AIM OF THE TASK: No pictures belong in the copy. Retype exactly, and only, the stretch of lines below from the one with "This week, Farcaster" through the one with "Gommone professionale di".

(DATA EXTRACT Opens)

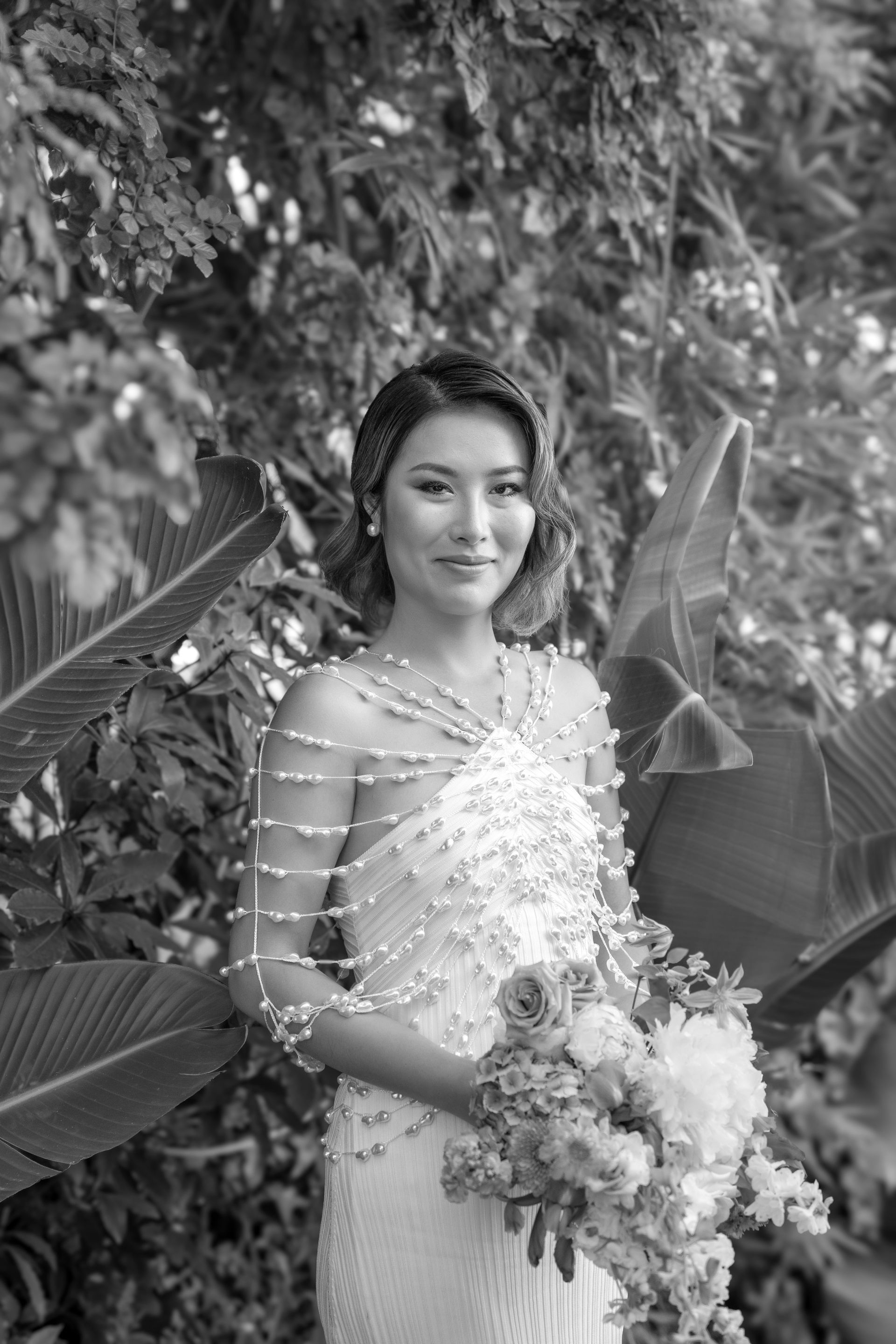 The wedding took place in the breathtaking gardens of the groom’s family home. Nestled by the ocean, this charming location served as the perfect backdrop for an intimate ceremony. The sun was shining bright, casting a warm glow over the entire event.
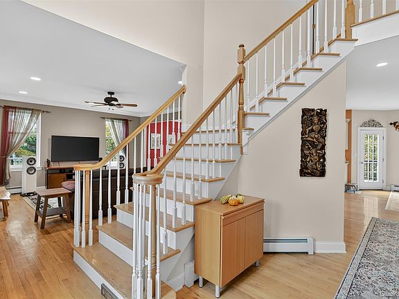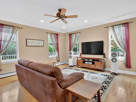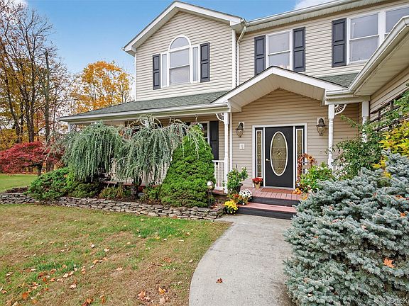 Welcome to Country Woods, one of Chester’s most sought-after neighborhoods. This handsome Colonial sits on 1.7 landscaped acres and offers over 3,100 square feet of comfortable living space. A wrap-around front porch invites you inside, where a two-story foyer and 9-foot ceilings create a bright and spacious feel. The formal living and dining rooms flow seamlessly into the kitchen, complete with Corian counters and everything you need to prepare your favorite meals. The casual dining area opens to a warm and inviting family room featuring a vaulted ceiling, fireplace, and a wall of windows framing peaceful views — the perfect spot to gather for movie or game night as you watch the snow falls outside. A first-floor bedroom offers flexible space for a home office, guest suite, or quiet meditation room. A conveniently located laundry room and half bath complete the main level. Upstairs, unwind in the primary bedroom suite, plus three additional bedrooms and a full hall bath. Need more space? The full walk-out basement provides endless possibilities — a home gym, game room, or recreation area — the choice is yours. Step outside to enjoy your own private retreat, ideal for entertaining, gardening, or simply relaxing on the oversized deck overlooking a tranquil Koi pond with waterfall and wooded backdrop. Conveniently located near major commuter routes, shopping, Woodbury Common Premium Outlets, schools, cafes, and restaurants — this home truly has it all. Call today to schedule your private tour and spend the holidays in your new home.
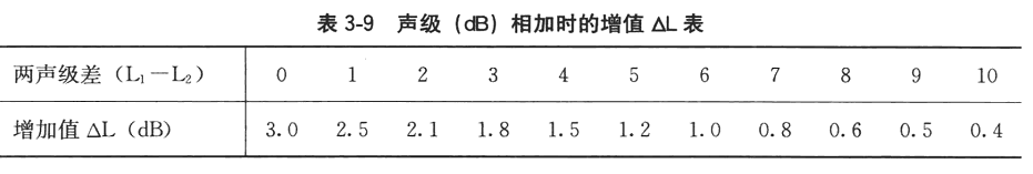 如果各声源声压级不同,将声源的声压级从大到小排列,按两两合成的方法逐一计算出合成后的声压级。先要计算出声压级的差值,从增值表(表3-9)中查出增值△L;较高声压值与△L之和即为合成后声压值L合=L1+△L。
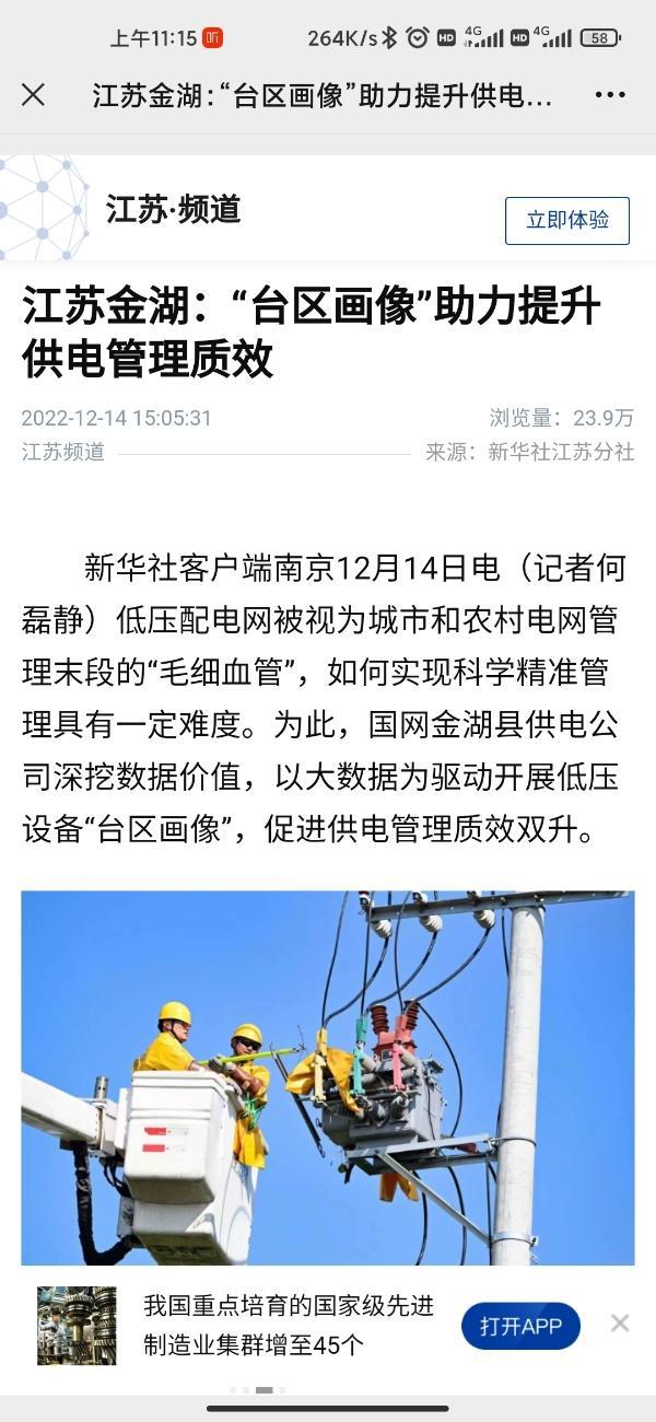 新华社:江苏金湖:“台区画像”助力提升供电管理质效
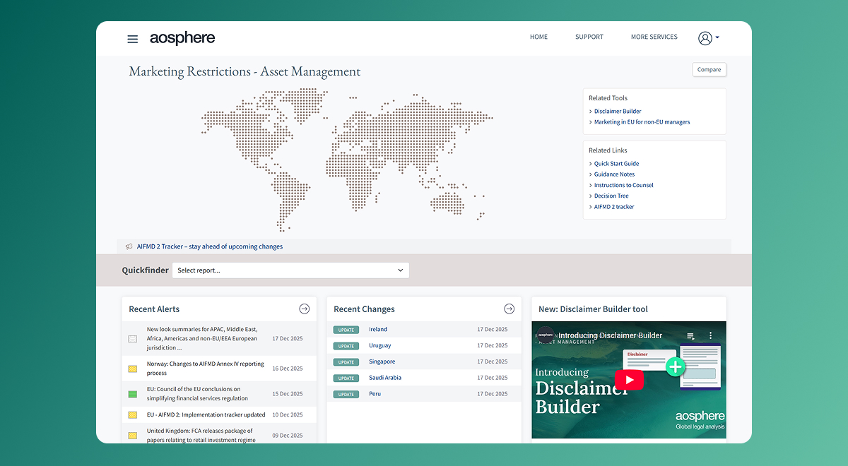Our dedicated team of senior lawyers works with leading local counsel to deliver all the information you need for cross-border distribution. Content is organised in a clear, granular structure so you can quickly find guidance by product, service, and type of activity.
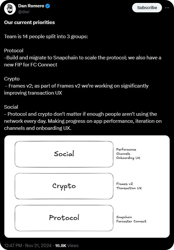 This week, Farcaster founder Dan Romero laid out the onchain social network's current priorities in a short tweet.
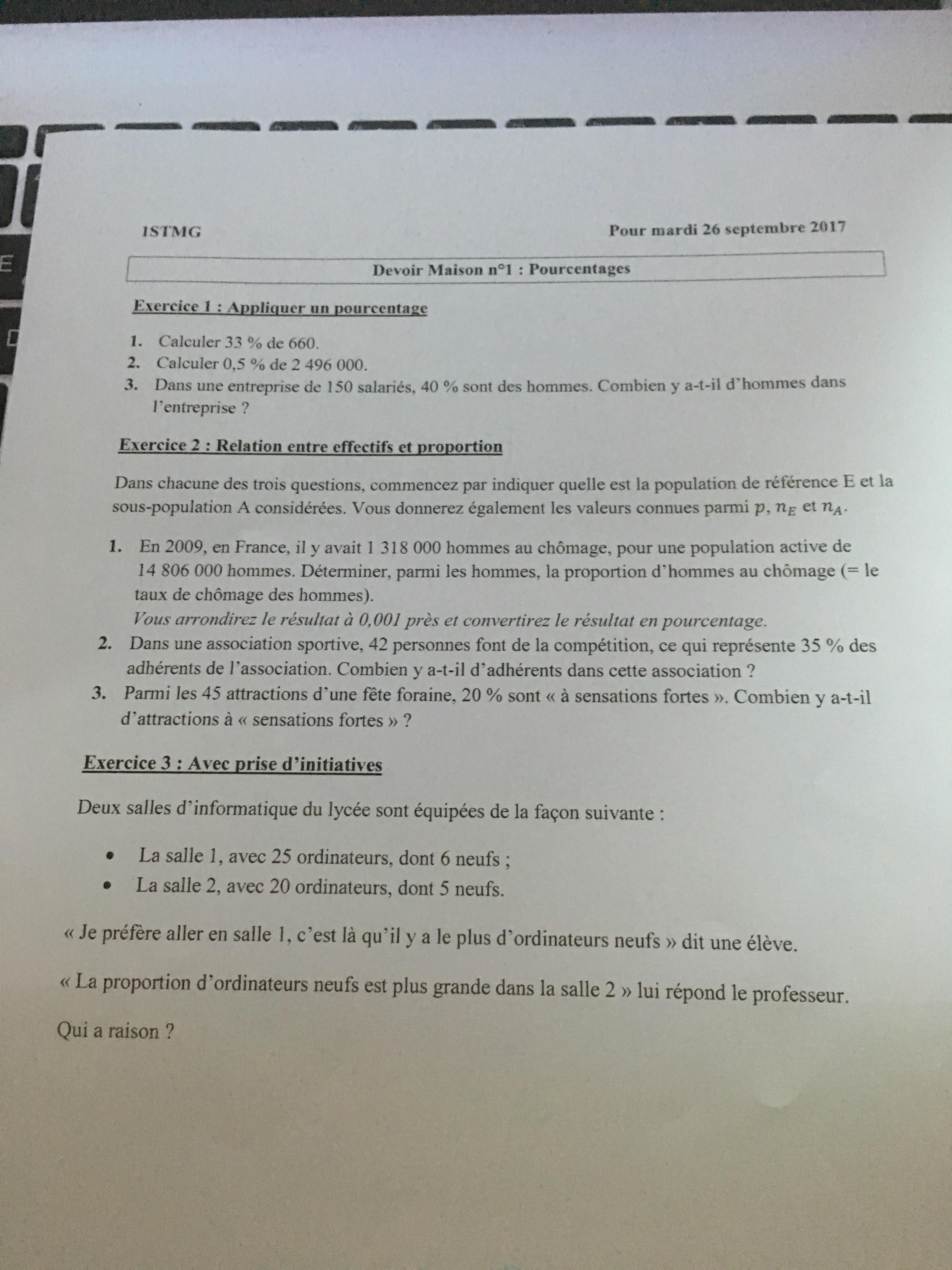 volcano47 Posté(e) le 23 septembre 2017 Signaler Posté(e) le 23 septembre 2017 2) x personnes sur N adhérents font de la compétition. On nous dit que x/N = 35% ce qui signifie 35/100 ou 0,35. donc x/N = 0,35 , je pense que tu en tireras N. 3) N attractions au total dont y "sensations fortes" c'est le même principe , mais là, on connaît N et on cherche y.
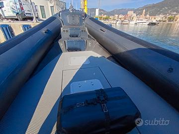 Gommone professionale di costruzione italiana, equipaggiato con doppia motorizzazione Yamaha fuoribordo da 300 hp ciascuno. L’allestimento è pensato per operazioni rapide, escursioni, impieghi tecnici o tenderaggi, con sedute individuali dotate di cinture, consolle centrale con parabrezza, e strumentazione completa. Il ponte è rivestito in materiale antiscivolo, con ampi gavoni stagni e accessi tecnici ben distribuiti. A prua è installato un verricello elettrico Quick con ancora e catena inox, mentre a poppa si trovano due motori protetti da coperture e impianto carburante ispezionabile. Ottime condizioni generali, pronta all’uso.
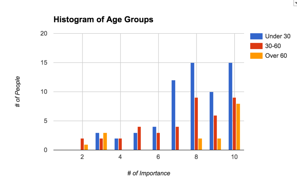 While browsing our data of the PDX area there appeared to be a trend of the participants ages sixty and above that either prioritized their concern for climate change or completely did not. This can stem from the fact that this generation differs from the class’. A different generation can be highlighted by different issues at the time, where climate change contained little importance and the influence of science highly debated. Their drastically divergent opinions could result from many aspects including their demographics, where they lived and other factors which were not accounted for. Many participants under the age of thirty marginalized cohesively around seven to ten in importance, this shows that climate change prioritization is popular amongst the younger generation. This makes sense considering the fact that many young generations have been introduced to the problems climate change creates at a young age. As for thirty to sixty, their opinions spanned the entire range, but had a slight leaning towards higher prioritization. This shows that this mixed age range causes a diverse range of opinions since it includes both the younger and older generations; a sort of crossroads. According to the comments, many people who put climate change as low on priorities considered it just that, other issues at hand are in fact more pressing for their perspective of what is important. For them, issues such as poverty, women’s rights, and other political issues call for much more immediate action when compared to climate change. This is outlined by the book Why We Disagree About Climate Change where Hulme claimed in chapters six and seven that people generally fear issues that they can formally see and interpret for themselves. The actual communication of the effects and risks of climate change can be blurred by politics, dramatic Hollywood produced movies, and the ambiguity of science. Issues such as poverty can readily be seen at the present moment, thus jarring certain emotions and eventually a call to action. The problem with climate change is that it is not visually expressed or felt by the general population, where some comments from our poll reflect that some participants suggest that they cannot feel the temperature rising since winters are still cold. The only transcendence of the climate change is the melting of polar ice caps and the destruction of coral reefs. Although this is common knowledge and is a visual representation of climate change’s impact, the large geographic and personal disconnection of these impacts results in less concern and thus lower prioritization.

(DATA EXTRACT Closes)

WRITTEN ANSWER:
 This week, Farcaster founder Dan Romero laid out the onchain social network's current priorities in a short tweet.
 volcano47 Posté(e) le 23 septembre 2017 Signaler Posté(e) le 23 septembre 2017 2) x personnes sur N adhérents font de la compétition. On nous dit que x/N = 35% ce qui signifie 35/100 ou 0,35. donc x/N = 0,35 , je pense que tu en tireras N. 3) N attractions au total dont y "sensations fortes" c'est le même principe , mais là, on connaît N et on cherche y.
 Gommone professionale di costruzione italiana, equipaggiato con doppia motorizzazione Yamaha fuoribordo da 300 hp ciascuno. L’allestimento è pensato per operazioni rapide, escursioni, impieghi tecnici o tenderaggi, con sedute individuali dotate di cinture, consolle centrale con parabrezza, e strumentazione completa. Il ponte è rivestito in materiale antiscivolo, con ampi gavoni stagni e accessi tecnici ben distribuiti. A prua è installato un verricello elettrico Quick con ancora e catena inox, mentre a poppa si trovano due motori protetti da coperture e impianto carburante ispezionabile. Ottime condizioni generali, pronta all’uso.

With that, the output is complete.